An overview of the South African tax implications to be considered when entering into a secondment agreement.
This briefing has been published by Conor Mcfadden of Fasken Martineau, Johannesburg, who has agreed to Simmons & Simmons making it available on elexica.
The secondment of employees to South Africa has become a common practice of multinational companies as the demand for international skills and cross-border services has increased over the past couple of years.
Ordinarily, a South African company will enter into a secondment agreement with its foreign holding company or subsidiary company (or even an unrelated party) for the provision of services to the South African company to be carried out by the employees of the foreign company in South Africa. Secondment agreements generally provide that while the employees are seconded to the South African company, such employees remain employed by the foreign company and they will continue to be remunerated by the foreign company. The foreign company continues to pay for the employment costs of such an employee while they are seconded to South Africa. The agreement in most instances provides that the foreign company is entitled to recover any costs, such as salaries and any other associated additional costs, from the South African company as a part of a service fee.
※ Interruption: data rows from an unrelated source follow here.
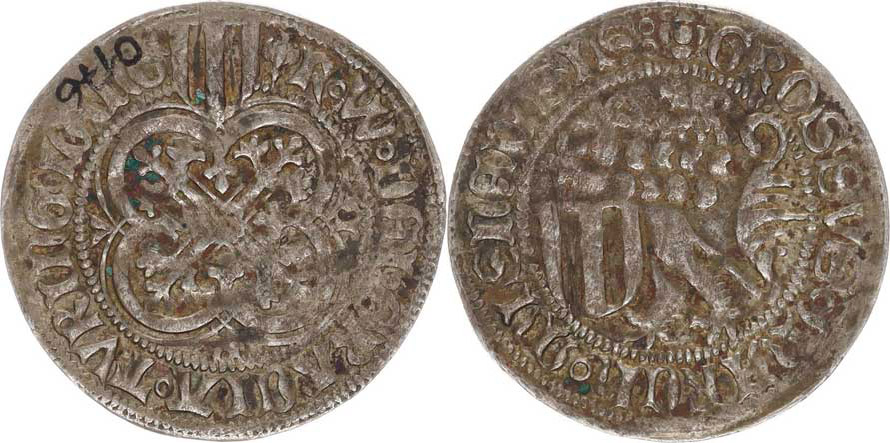 Groš štítový, minc. Freiberg (1451-56), mincm. Nicol Monhaupt Radoměrský 18; Krug 1034/11 2,552 g_v ploše sběrat. zn., tém.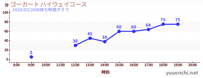2026/03/28の待ち時間グラフ (ゴーカート ハイウェイコース)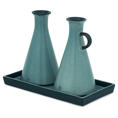 Das 3-teilige Essig Öl Set Manthey 539 von Hedwig Bollhagen vereint Funktion und Eleganz auf charmante Weise. Die rechteckige Platte (HB 537), 19 cm lang und 10 cm breit, bietet eine ideale Bühne für die beiden Flakons (539 und 539-O). Diese handgefertigten Flaschen mit ihrem pyramidenförmigen Korpus sind nicht nur praktische Begleiter für Essig und Öl, sondern auch visuelle Highlights auf jedem gedeckten Tisch. Der Flakon 539 beeindruckt mit puristischer Eleganz, während der Flakon 539-O mit abnehmbarem Naturkorken raffinierte Funktionalität bietet. Beide Flakons fassen 150 ml und sorgen für einen harmonischen, dekorativen Akzent. Ein Set, das Ihr Tischarrangement auf außergewöhnliche Weise verfeinert – ganz im Sinne der meisterhaften deutschen Handwerkskunst, für die Hedwig Bollhagen seit 1934 steht.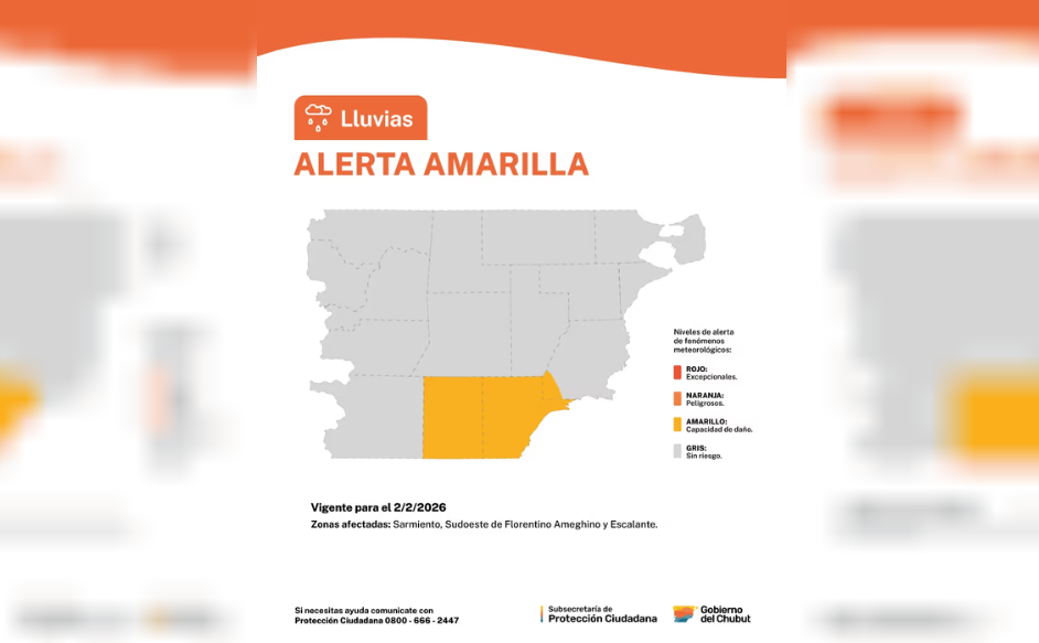 En paralelo, el SMN emitió una alerta naranja por temperaturas extremas para amplias zonas del oeste y sudoeste de la provincia, que abarca Cushamen, Futaleufú, Languiñeo, Tehuelches y Río Senguer. Estas condiciones pueden tener un efecto moderado a alto en la salud, especialmente en niños, personas mayores y quienes padecen enfermedades crónicas.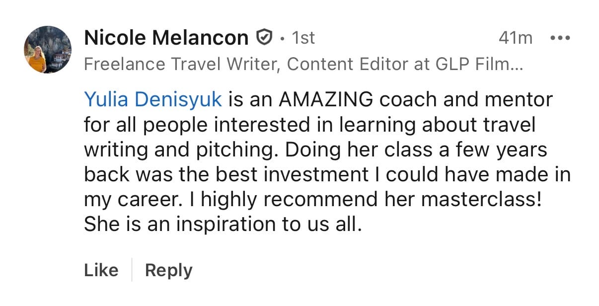 I've been teaching travel media and journalism since 2020, and in that time, I've met and mentored numerous individuals who have gone on to have a career in travel media.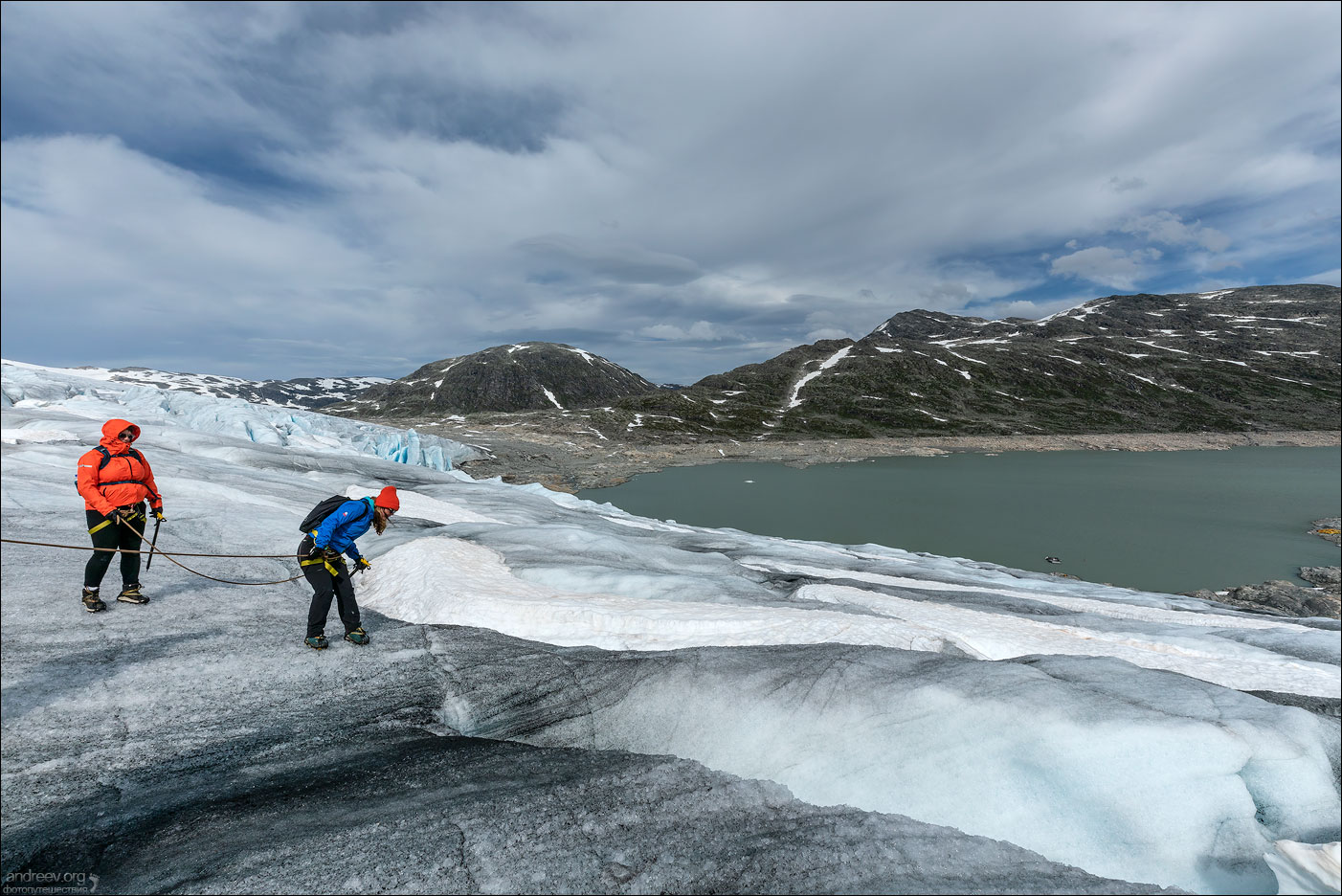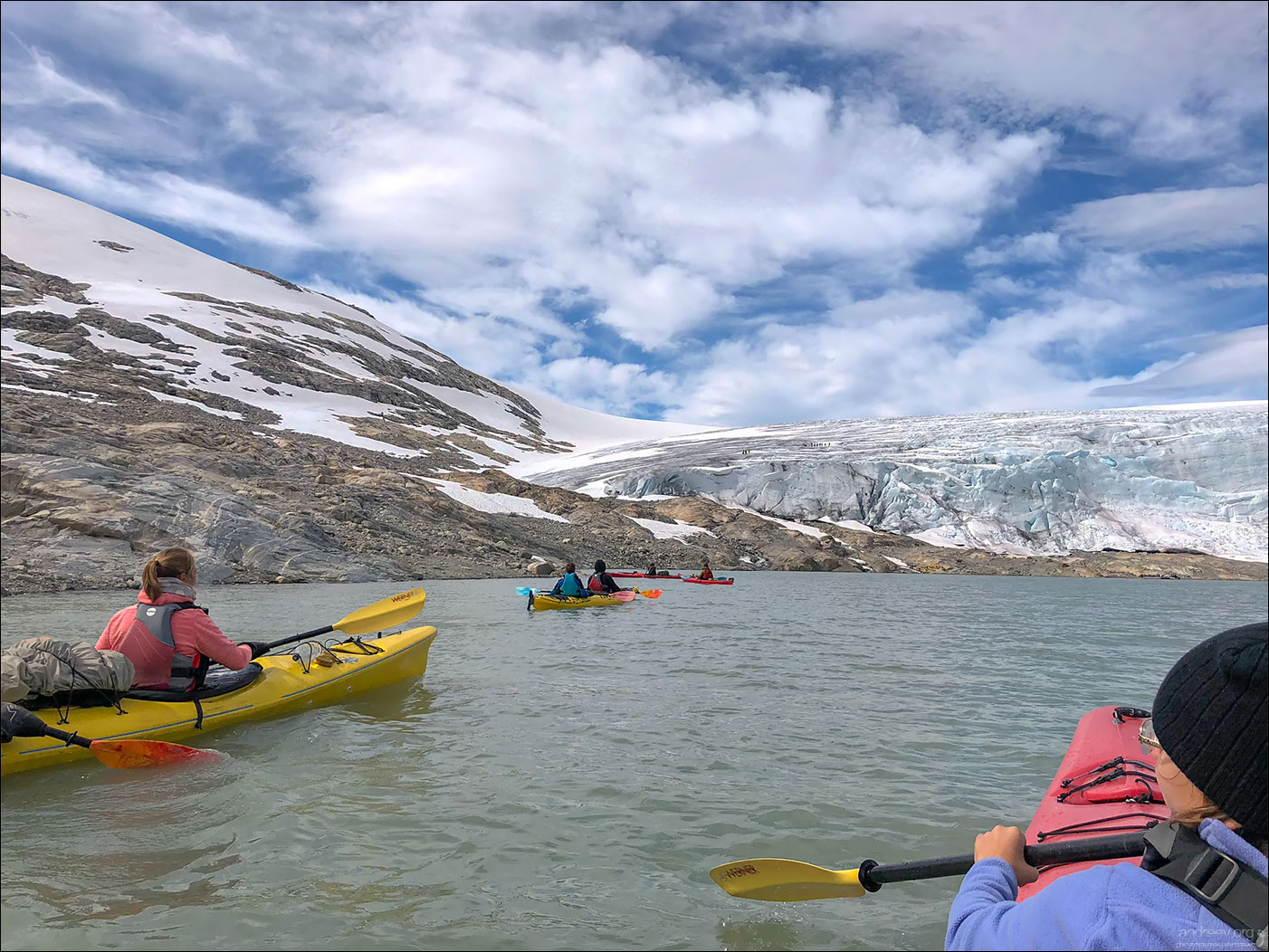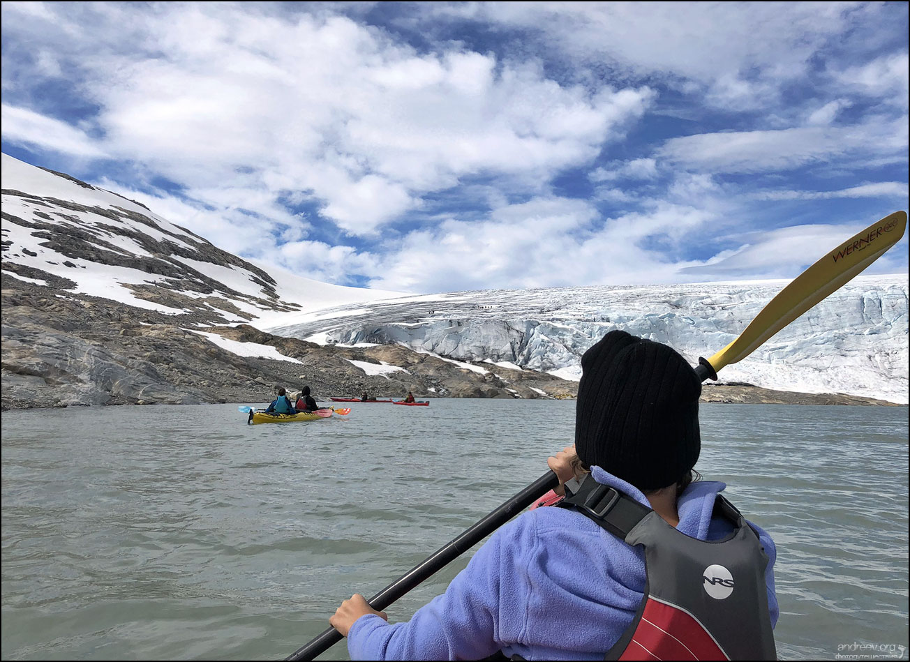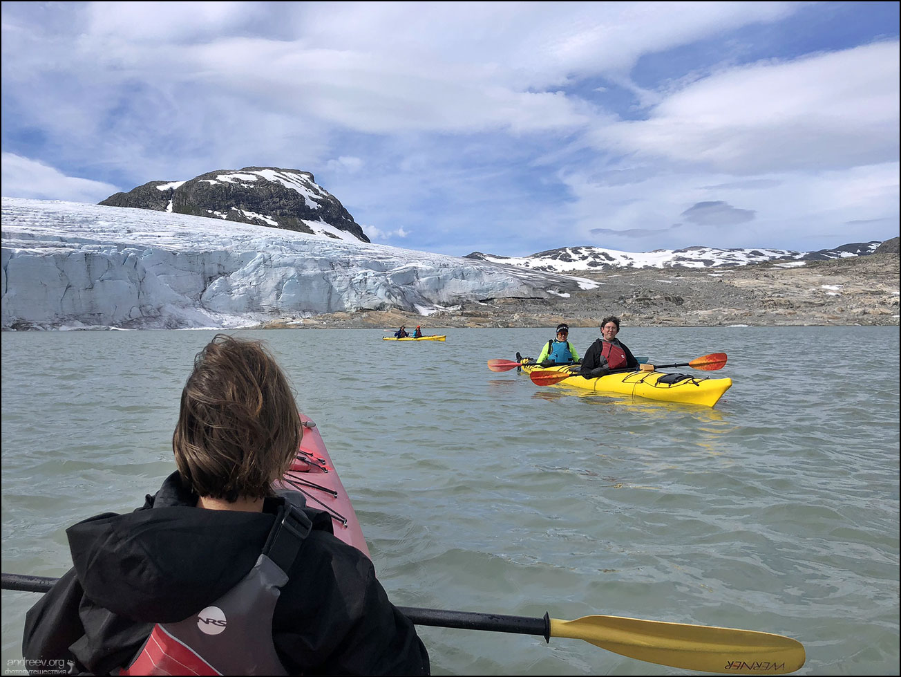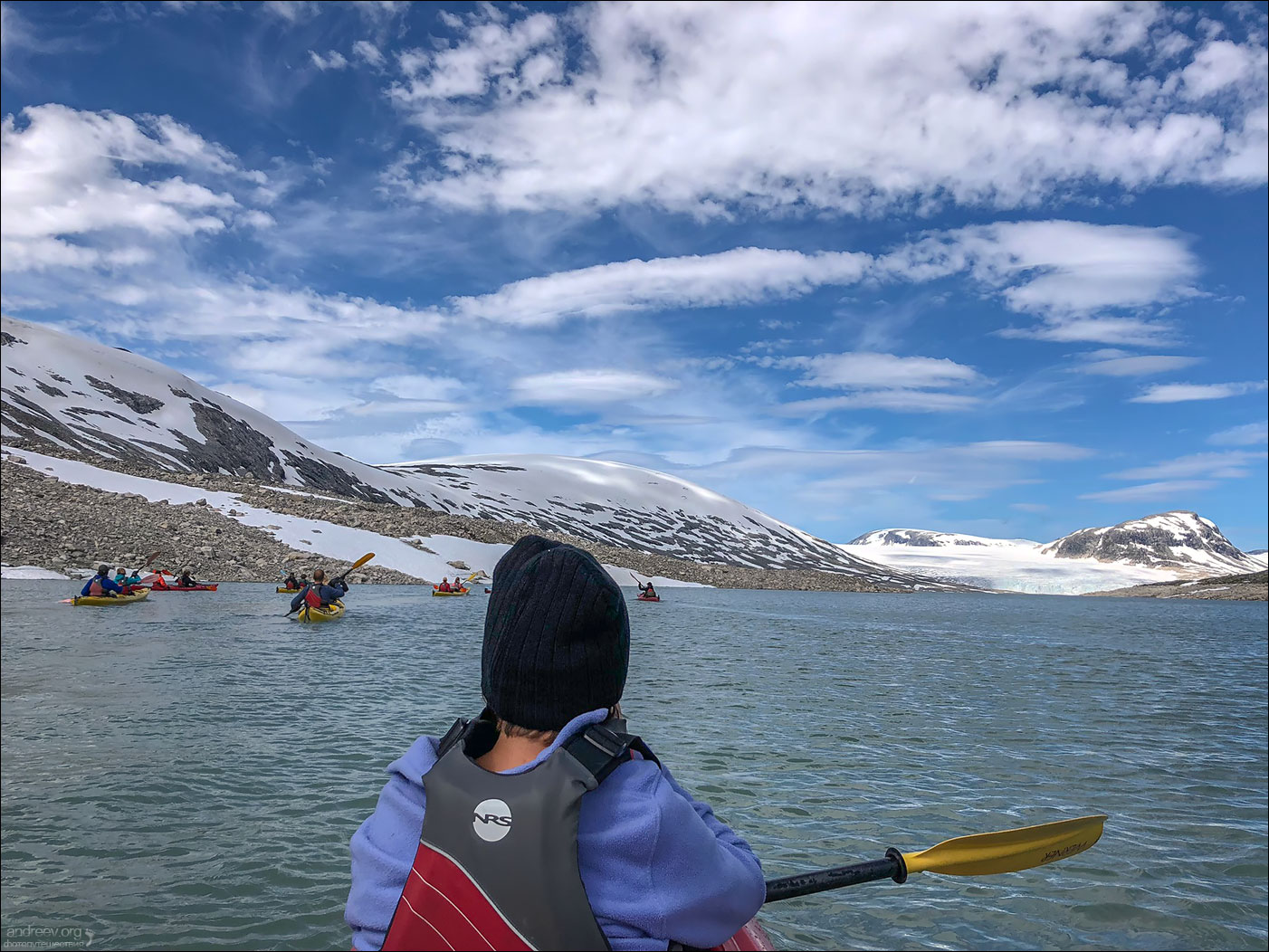 Фотографии из Национального парка Юстедалсбреен: каякинг по ледниковому озеру Styggevatnet с последующим подъёмом на ледник в “кошках”, бирюзовое озеро Lovatnet, и цветочный оазис в деревне Solvorn.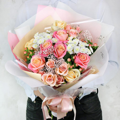 Роза РС 60 см Аваланж пич - 3 шт; Роза РС 60 см Мисс пигги - 5 шт; Роза кустовая 60 см розовая - 2 шт; Хризантема кустовая белая ромашка - 2 шт; Гипсофила - 2 шт; Гиперикум розовый - 3 шт; Упаковка в ассортименте - 3 шт; Лента - 2 шт; Плёнка прозрачная - 1 шт.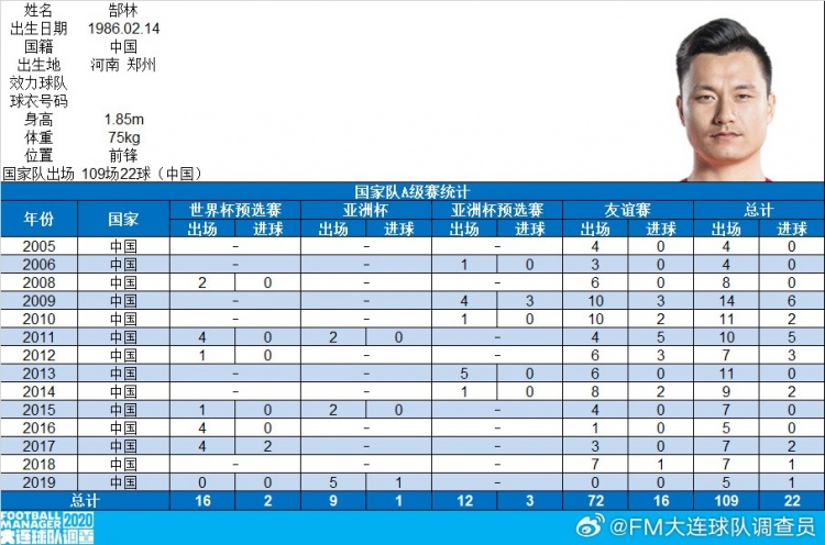 2月18日訊 在2月16日中國足協(xié)為郜林舉辦退役儀式后,博主“FM大連球隊(duì)調(diào)查員”在社媒公布了郜林的生涯數(shù)據(jù)統(tǒng)計(jì)。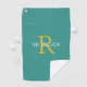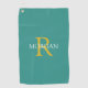 DIY Monogram & Name, Gold & White Text, Teal Golf Towel

There are various South African tax implications that need to be considered by both the South African company and foreign company when entering into a secondment agreement, particularly employees’ tax, exchange control and reportable arrangement implications. However, the value added tax (VAT) implications are often overlooked.
From a VAT perspective, the service fee charged to the South African company may potentially trigger a VAT liability for the foreign company in South Africa. South Africa does not have specific place of supply rules for VAT purposes, therefore whether or not a foreign company has to register for VAT in South Africa depends on the factual circumstances and whether all the requirements of the definition of "enterprise" are met.
This is so because, in terms of the Value Added Tax Act 89 of 1991 (the Act), any person who carries on an enterprise or activity in South Africa could be required to register for VAT. An “enterprise” is defined in the Act to include any activity carried on continuously or regularly by any person in South Africa or partly in South Africa to another person, for consideration.
The secondment of employees to South Africa for purposes of providing services constitutes an activity and if the foreign company seconds multiple employees to South Africa during the course of a year that activity will be considered to be continuous and regular. In the Act the word ‘services’ is broadly defined and can therefore include the secondment of employees by a foreign company to a South African company. The fee that is paid by the South African company to the foreign company for the secondment of the employees to South Africa would be viewed as consideration for the services supplied.
Therefore, by seconding employees to South Africa the foreign company will be carrying out an enterprise or activity in South Africa for VAT purposes. The frequency of the presence of the employees’ of the foreign company in South Africa and not the length of their stay in South Africa determines whether the foreign company’s activities in South Africa constitutes an enterprise for VAT purposes.
However, even if the activities of the foreign company constitutes an enterprise, the foreign company is only required to register for VAT in South Africa and become a VAT vendor if the total consideration received by it from the South African company for these services exceeds R1m in a 12 month period (or the contract is anticipated to exceed R1m). As a registered VAT vendor in South Africa the foreign company must then charge VAT at 14% on the consideration it receives from the services it provides to the South African company in terms of the secondment agreement. In order to ensure compliance with the Act, the foreign company will be required, amongst other things, to appoint a VAT representative in South Africa. The VAT representative must be a natural person that is a resident of South Africa and who will act as an agent for the foreign company with regards to the duties and obligations imposed by the Act on the foreign company.
It is therefore crucial that South African companies and foreign multinational companies assess the VAT implications that may arise from entering into a secondment agreement in order to ensure compliance with the South African tax legislation.
This document (and any information accessed through links in this document) is provided for information purposes only and does not constitute legal advice. Professional legal advice should be obtained before taking or refraining from any action as a result of the contents of this document.